◆ **Aim of the task**
Reproduce the top of the data verbatim, through and including the line that contains "Cựu nữ PV Đào".

+++

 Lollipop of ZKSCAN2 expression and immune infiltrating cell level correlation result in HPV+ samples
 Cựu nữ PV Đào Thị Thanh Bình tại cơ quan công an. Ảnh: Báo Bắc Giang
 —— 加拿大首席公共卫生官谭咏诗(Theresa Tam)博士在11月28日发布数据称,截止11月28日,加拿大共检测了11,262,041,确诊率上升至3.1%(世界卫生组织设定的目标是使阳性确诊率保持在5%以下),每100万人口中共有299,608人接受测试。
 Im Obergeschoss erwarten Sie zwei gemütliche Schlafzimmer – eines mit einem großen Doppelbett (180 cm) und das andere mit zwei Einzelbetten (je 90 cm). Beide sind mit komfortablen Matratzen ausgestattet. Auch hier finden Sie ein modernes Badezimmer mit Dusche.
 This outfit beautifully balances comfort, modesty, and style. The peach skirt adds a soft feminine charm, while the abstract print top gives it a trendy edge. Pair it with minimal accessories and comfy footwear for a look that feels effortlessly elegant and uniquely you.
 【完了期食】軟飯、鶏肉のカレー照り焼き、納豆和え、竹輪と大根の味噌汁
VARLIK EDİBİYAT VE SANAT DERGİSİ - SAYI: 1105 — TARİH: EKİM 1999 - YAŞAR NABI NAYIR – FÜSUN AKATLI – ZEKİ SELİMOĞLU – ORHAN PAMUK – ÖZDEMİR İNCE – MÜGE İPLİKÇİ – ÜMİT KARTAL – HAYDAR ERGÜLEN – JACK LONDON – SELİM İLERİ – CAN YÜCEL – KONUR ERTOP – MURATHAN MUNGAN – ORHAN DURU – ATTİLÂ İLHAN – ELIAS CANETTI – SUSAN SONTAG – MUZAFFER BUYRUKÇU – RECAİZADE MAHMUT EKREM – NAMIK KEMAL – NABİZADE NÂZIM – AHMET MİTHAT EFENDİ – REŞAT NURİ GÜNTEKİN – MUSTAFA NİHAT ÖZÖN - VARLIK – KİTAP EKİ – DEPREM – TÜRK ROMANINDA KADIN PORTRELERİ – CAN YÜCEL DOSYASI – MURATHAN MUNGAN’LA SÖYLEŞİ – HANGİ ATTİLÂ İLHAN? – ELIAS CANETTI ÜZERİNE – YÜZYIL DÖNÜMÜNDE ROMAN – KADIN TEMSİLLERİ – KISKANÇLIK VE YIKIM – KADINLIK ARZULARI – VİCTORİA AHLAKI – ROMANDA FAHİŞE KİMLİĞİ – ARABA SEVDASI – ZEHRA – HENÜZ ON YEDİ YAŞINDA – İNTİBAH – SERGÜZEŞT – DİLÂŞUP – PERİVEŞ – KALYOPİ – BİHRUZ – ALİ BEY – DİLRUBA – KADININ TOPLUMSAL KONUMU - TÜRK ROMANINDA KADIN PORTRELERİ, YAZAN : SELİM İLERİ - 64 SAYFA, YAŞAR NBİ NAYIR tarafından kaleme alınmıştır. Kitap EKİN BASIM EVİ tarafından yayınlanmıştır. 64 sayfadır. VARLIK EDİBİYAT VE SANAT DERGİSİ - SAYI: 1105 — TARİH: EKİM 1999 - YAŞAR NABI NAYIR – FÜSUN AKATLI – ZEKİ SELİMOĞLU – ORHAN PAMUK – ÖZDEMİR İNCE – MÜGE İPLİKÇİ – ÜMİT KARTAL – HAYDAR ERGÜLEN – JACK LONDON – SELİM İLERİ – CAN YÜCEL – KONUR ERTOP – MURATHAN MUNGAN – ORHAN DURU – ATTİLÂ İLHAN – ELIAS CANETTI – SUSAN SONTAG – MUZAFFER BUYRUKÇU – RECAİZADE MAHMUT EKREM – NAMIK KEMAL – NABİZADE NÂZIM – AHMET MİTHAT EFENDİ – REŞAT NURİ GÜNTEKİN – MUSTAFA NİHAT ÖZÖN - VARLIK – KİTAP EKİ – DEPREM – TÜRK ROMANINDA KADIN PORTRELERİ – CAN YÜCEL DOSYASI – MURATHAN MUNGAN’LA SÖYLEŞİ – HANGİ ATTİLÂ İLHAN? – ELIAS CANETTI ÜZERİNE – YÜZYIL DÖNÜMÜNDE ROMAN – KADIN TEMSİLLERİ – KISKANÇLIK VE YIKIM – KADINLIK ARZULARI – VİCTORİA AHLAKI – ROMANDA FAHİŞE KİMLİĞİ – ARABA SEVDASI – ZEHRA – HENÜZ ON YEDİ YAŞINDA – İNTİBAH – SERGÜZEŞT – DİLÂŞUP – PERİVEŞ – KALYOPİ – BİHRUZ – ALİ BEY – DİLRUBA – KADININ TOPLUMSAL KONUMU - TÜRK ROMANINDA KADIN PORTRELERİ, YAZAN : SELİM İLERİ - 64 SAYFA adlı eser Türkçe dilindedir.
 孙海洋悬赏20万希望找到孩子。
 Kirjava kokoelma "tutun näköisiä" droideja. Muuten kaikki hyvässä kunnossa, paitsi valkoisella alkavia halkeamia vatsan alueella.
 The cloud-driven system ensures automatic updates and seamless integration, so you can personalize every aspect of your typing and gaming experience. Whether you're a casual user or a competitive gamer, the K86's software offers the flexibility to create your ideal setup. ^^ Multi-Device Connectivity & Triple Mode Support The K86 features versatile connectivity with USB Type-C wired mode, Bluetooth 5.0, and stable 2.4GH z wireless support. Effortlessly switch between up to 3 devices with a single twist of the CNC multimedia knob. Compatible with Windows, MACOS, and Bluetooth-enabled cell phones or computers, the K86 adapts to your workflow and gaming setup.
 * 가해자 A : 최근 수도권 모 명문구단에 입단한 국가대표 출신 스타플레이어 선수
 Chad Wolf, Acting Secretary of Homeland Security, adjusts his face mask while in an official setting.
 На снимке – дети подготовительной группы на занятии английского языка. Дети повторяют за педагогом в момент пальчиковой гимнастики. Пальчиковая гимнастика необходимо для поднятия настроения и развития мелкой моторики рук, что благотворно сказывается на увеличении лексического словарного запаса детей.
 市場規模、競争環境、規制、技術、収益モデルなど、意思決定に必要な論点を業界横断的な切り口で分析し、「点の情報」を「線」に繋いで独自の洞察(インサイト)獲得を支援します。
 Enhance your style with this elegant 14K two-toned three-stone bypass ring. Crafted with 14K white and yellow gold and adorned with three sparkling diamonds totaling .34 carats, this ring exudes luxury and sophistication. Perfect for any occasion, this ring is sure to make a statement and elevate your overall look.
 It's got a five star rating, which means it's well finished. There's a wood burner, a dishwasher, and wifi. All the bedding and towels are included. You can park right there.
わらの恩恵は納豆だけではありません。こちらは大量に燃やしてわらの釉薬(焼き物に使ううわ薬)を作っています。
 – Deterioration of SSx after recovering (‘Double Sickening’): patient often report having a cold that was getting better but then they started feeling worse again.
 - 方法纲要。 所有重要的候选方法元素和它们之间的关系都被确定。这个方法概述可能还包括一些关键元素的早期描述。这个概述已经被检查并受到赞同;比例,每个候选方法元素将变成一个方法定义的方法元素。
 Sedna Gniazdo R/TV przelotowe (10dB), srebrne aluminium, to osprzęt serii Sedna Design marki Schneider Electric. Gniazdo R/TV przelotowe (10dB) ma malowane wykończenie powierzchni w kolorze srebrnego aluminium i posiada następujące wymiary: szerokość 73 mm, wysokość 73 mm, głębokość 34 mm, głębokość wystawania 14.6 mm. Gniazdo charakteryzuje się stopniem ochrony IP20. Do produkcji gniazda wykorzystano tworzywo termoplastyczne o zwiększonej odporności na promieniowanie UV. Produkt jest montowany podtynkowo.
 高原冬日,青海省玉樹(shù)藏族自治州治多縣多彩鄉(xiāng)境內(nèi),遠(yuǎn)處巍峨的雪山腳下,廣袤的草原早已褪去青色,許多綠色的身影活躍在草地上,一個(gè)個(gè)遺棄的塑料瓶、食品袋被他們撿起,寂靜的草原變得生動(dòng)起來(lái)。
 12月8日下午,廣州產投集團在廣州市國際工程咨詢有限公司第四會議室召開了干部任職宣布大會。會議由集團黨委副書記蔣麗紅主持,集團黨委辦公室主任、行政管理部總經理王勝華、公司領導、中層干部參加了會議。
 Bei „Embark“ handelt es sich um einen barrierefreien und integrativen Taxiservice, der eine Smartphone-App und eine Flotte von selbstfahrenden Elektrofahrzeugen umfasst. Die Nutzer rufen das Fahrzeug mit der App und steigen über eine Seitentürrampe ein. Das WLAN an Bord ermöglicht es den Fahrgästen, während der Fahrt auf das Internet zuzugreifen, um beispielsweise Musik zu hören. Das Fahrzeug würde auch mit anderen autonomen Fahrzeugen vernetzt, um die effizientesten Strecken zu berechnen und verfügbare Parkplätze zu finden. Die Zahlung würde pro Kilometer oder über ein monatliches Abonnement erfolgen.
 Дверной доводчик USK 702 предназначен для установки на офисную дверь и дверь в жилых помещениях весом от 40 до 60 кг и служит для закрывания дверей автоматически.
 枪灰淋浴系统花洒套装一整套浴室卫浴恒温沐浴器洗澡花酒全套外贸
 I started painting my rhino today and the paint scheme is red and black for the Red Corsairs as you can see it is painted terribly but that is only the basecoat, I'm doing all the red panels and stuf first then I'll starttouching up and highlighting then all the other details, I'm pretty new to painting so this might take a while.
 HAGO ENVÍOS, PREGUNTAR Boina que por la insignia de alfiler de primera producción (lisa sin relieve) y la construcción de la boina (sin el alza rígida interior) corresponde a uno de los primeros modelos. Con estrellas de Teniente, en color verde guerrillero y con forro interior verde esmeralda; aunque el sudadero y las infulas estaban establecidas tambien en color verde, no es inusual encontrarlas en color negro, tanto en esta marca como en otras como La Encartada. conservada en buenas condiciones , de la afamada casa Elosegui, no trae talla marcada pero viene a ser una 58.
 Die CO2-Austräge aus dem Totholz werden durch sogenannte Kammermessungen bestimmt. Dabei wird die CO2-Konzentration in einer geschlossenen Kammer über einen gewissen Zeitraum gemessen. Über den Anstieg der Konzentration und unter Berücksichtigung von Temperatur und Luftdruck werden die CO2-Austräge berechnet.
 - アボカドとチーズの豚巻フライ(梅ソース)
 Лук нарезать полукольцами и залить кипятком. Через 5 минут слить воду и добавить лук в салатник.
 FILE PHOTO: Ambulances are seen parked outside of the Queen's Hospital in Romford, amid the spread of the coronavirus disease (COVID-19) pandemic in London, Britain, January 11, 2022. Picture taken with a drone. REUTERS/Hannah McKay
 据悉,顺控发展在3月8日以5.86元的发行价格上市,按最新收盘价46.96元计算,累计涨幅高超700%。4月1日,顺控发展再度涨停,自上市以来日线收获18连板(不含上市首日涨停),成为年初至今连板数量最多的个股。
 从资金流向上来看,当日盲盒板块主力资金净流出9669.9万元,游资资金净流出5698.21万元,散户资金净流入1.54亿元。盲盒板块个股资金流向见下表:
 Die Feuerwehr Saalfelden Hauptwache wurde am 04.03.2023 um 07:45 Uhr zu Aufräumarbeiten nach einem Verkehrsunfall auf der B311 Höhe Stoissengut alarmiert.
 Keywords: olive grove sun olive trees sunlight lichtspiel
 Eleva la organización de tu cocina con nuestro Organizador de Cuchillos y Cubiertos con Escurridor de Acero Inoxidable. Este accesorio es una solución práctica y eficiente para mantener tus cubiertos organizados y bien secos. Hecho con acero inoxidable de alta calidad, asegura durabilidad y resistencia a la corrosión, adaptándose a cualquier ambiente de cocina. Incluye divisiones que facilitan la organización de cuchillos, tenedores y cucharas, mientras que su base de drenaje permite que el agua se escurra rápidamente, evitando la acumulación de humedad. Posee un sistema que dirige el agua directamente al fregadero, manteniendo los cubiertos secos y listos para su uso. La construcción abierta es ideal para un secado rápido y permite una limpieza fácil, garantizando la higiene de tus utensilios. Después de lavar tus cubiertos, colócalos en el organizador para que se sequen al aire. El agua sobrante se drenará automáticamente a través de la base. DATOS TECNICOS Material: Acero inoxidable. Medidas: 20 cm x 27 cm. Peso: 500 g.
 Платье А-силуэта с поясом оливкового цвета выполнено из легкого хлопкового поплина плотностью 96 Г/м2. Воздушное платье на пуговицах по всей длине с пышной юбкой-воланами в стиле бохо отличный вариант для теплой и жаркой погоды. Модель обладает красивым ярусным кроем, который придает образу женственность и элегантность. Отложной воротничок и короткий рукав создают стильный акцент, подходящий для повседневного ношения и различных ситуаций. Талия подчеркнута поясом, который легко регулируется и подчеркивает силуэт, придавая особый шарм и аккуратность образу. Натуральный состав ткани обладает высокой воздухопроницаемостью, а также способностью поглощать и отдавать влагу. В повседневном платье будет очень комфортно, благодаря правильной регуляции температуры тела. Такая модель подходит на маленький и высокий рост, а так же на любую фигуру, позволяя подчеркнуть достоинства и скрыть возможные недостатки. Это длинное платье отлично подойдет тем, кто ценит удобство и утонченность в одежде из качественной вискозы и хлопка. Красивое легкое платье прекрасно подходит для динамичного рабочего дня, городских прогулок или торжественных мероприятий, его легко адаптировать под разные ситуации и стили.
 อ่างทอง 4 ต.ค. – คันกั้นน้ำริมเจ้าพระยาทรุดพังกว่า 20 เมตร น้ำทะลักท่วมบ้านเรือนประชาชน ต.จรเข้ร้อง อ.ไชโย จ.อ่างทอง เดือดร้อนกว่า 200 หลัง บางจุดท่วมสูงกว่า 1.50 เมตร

+++

◆ **Finished task**
 Lollipop of ZKSCAN2 expression and immune infiltrating cell level correlation result in HPV+ samples
 Cựu nữ PV Đào Thị Thanh Bình tại cơ quan công an. Ảnh: Báo Bắc Giang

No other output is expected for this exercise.